The same goes for Rose’s relationship with Winston (Clifton Collins Jr.), the helpful, perceptive one-armed owner of the cleaning supply store. The film nurtures an attraction, especially on Winston’s part, allowing it to grow, rarely forcing circumstances to meet at certain end. Eventually the attraction reaches a level where it’s obvious to everyone that there’s something more to these two, but the film doesn’t draw any conclusions for its audience. Refreshingly, no blatant declarations are made as you are allowed to decide for yourself what happens next. To make things even better, the chemistry between Winston and Rose feels genuine.
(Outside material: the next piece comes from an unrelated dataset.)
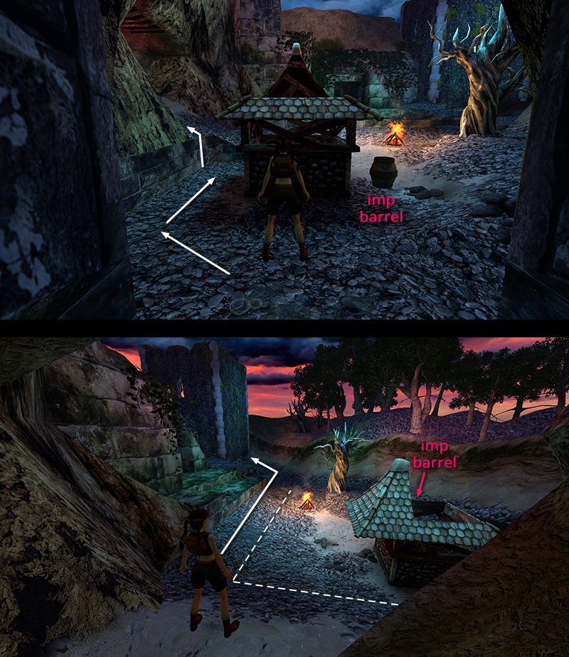 THE GALLOWS TREE AND COVERED WELL: First, be careful not to step too close to the campfire or Lara will catch fire. Also, if she approaches the covered well, she'll trigger the appearance of a changeling (not killed) from inside the barrel. It will follow and attack her, making exploring the area quite a bit more difficult than it has to be. To avoid triggering it, stay on the stone steps or the first row of gray-and-white pebbled tiles below the steps. (The trigger tiles are shown in the section with screenshots.)

I looked forward to scenes between the two characters (and actors) because of the pleasing nature of their attraction.

It’s hard to say more about Amy Adams. The material in Sunshine Cleaning isn’t particularly challenging for her, but the character of Rose did have a few small twists that gave Adams a little bit more to do. She’s played many innocents throughout her career, from Junebug to Doubt to Enchanted to even, in a way, Charlie Wilson’s War. Rose is still a sweet character with good intentions, but she lacks the same innocence as the past roles. She sleeps with Mac behind his wife’s back, and while the main point of the affair is that Rose hopes that Mac will one day leave his spouse for her, I also see it for one of the obvious reasons: Rose likes sleeping with Mac. It’s not an overt trait, but Rose is more sexual than most characters that Amy Adams has played before (with the possible exception of her role in Miss Pettigrew Lives for a Day, which I’ve yet to see). Mix that in with the classic Amy Adams charm, and you have an ever-so-slightly different animal in Sunshine Cleaning.
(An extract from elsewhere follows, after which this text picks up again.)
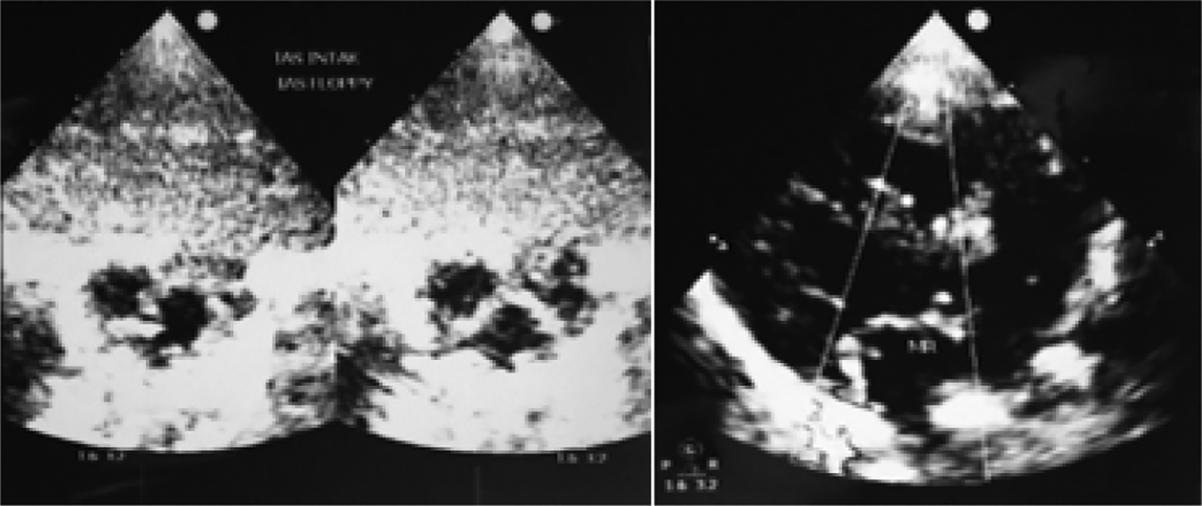 On the second day, the baby looked less active, moaned, showed acral cyanosis, and had a large fontanelle that was dilated and soft. Signs of hydrocephalus such as Macewen’s sign, setting sun phenomenon, and transillumination were found to be positive. From the babygram examination, neonatal pneumonia was suspected, while the echocardiographic examination indicated a floppy interatrial septum and mild mitral regurgitation (Figure 1). The non-contrast computerized tomography (CT) scan of the head showed a hypodense lesion according to the density of CSF filling the right and left hemicrania, while the hemi-cerebral cortex and lateral and third ventricles were not visible. Structures of the right thalamus, mesencephalon, pons and posterior fossa, and falx cerebri were still visible. The non-contrast CT scan of the head indicated hydranencephaly (Figure 2). From the toxoplasmosis, rubella, CMV, and herpes simplex virus (TORCH) screening examination, the results of anti-CMV immunoglobulin G (IgG) were 22 aU/ml (positive if the value ≥6) and anti-CMV IgM were 0.156 COI (negative if the value ≤0.7).

Alan Arkin brings an amusing, if somewhat forgettable, touch to the film as the father of Rose and Norah. Most of his interaction is with Rose’s son, as he ropes him into several of his endless hair-brained business schemes, always looking to make a quick buck. In this light he reflects his character in Little Miss Sunshine, as does the general feel of Sunshine Cleaning (not surprising, as the two films share the same producers). However, it’s hard to find much purpose in his character other than a pleasant, occasional diversion from the main action.

I initially had no interest in seeing Sunshine Cleaning until I watched the trailer. The concept sounded like a great one until the trailer featured moments when the characters forced too much meaning on events. “We come into people’s lives when they have experienced something profound and...we help.” That’s when I got a vibe about the film, worrying me that it would try too hard to have an impact. The actual film is not nearly as sappy or ham-fisted as the trailer, and even takes a few daring steps in certain stories and endings, but it still contains that bit of forced meaning and sentimentality that hinders it from being anything more than just “a nice film.”